## Recorded data
== Segment start ==
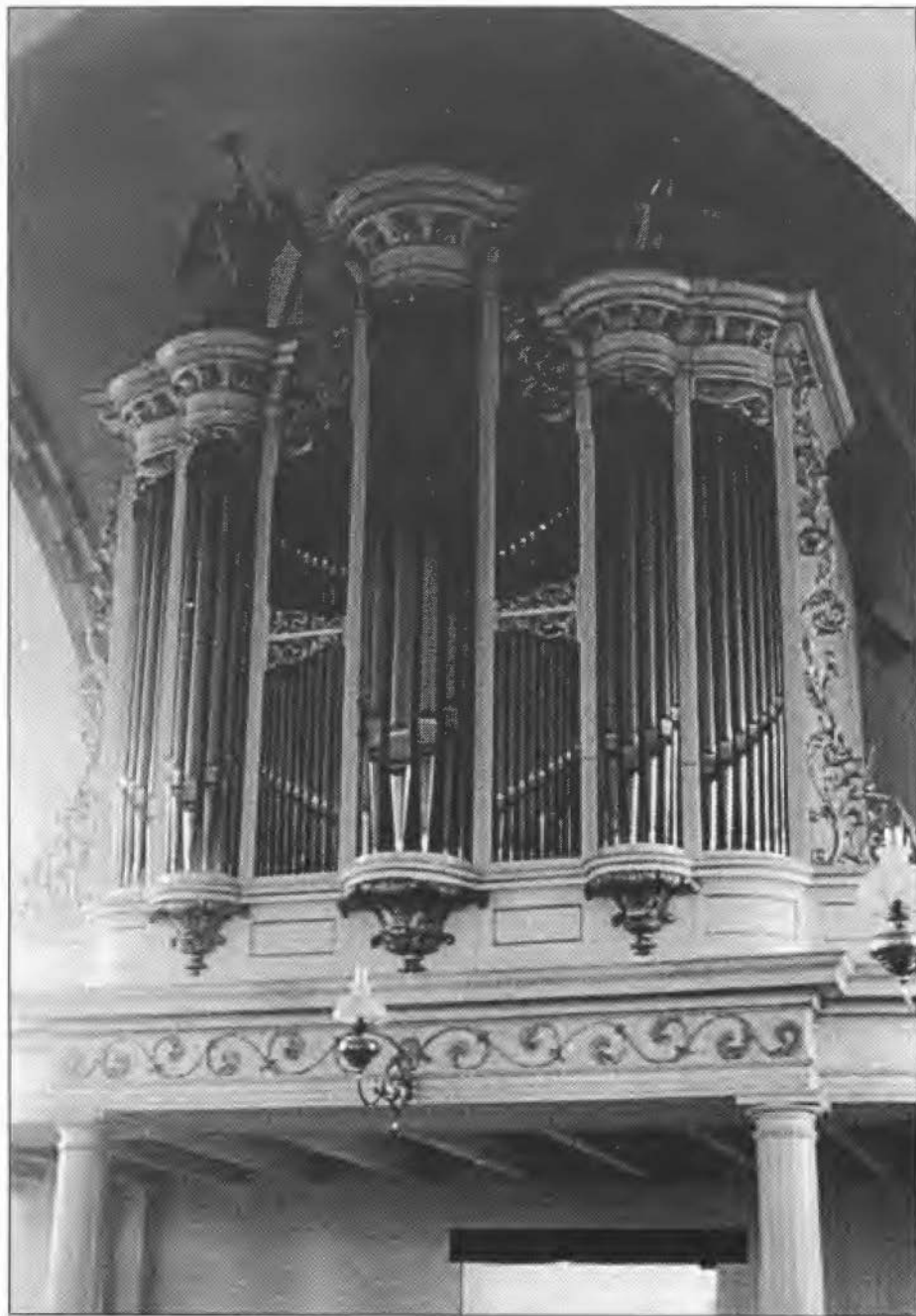
Het orgel in de Hervormde Blasiuskerk te Delden.
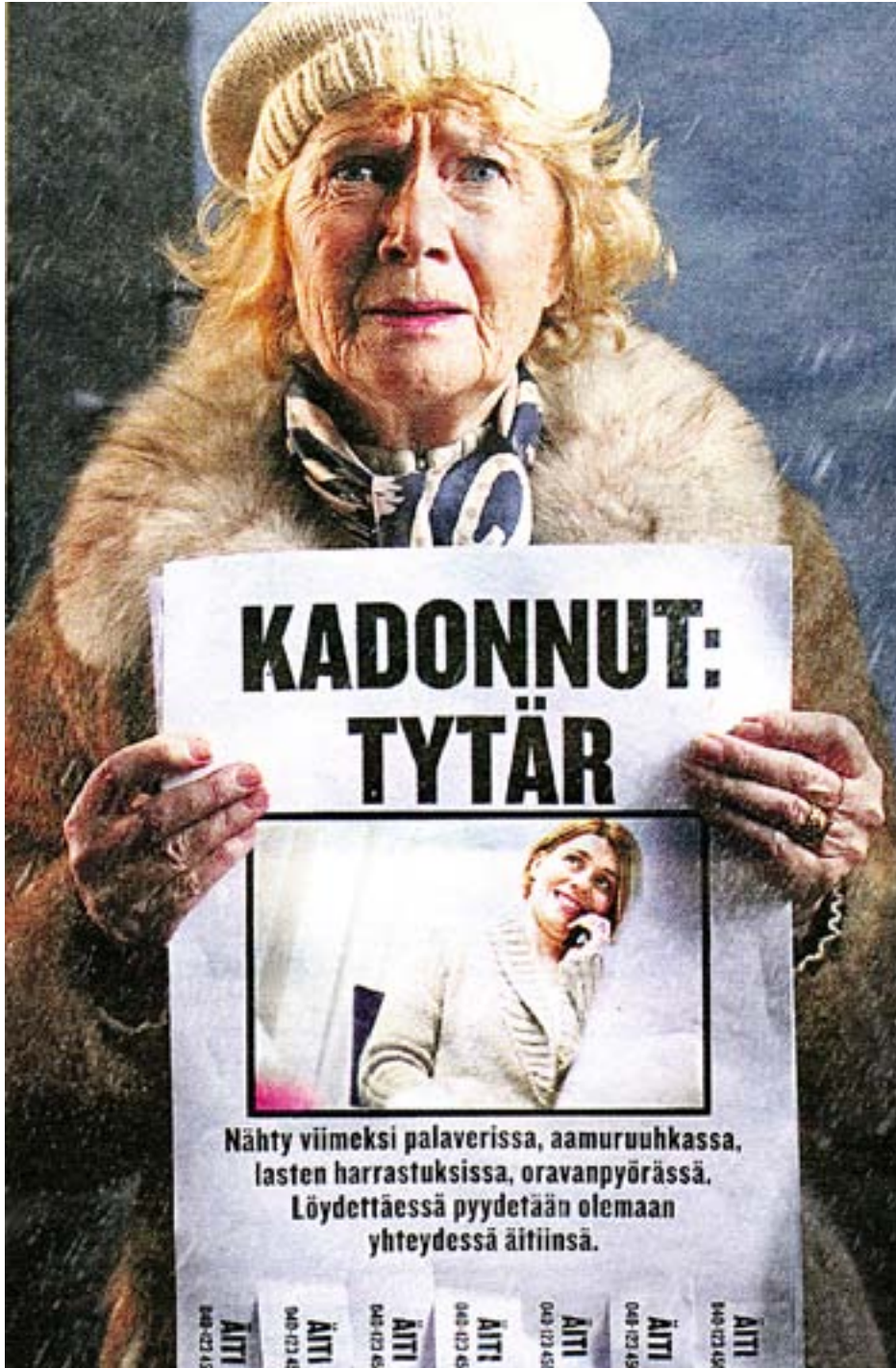
HELSINGFORSMISSIONS KAMPANJANNONS för besökstjänsten organisationen erbjuder tävlar som bäst i Helsingin Sanomats tävling ”Årets bästa annons”.

Det som är viktigt är den mänskliga närvaron. Att
== Segment end ==
## Task goal
Where a picture appears in the data, omit it; restate the rest word for word.

## Result of the task
Het orgel in de Hervormde Blasiuskerk te Delden.
HELSINGFORSMISSIONS KAMPANJANNONS för besökstjänsten organisationen erbjuder tävlar som bäst i Helsingin Sanomats tävling ”Årets bästa annons”.

Det som är viktigt är den mänskliga närvaron. Att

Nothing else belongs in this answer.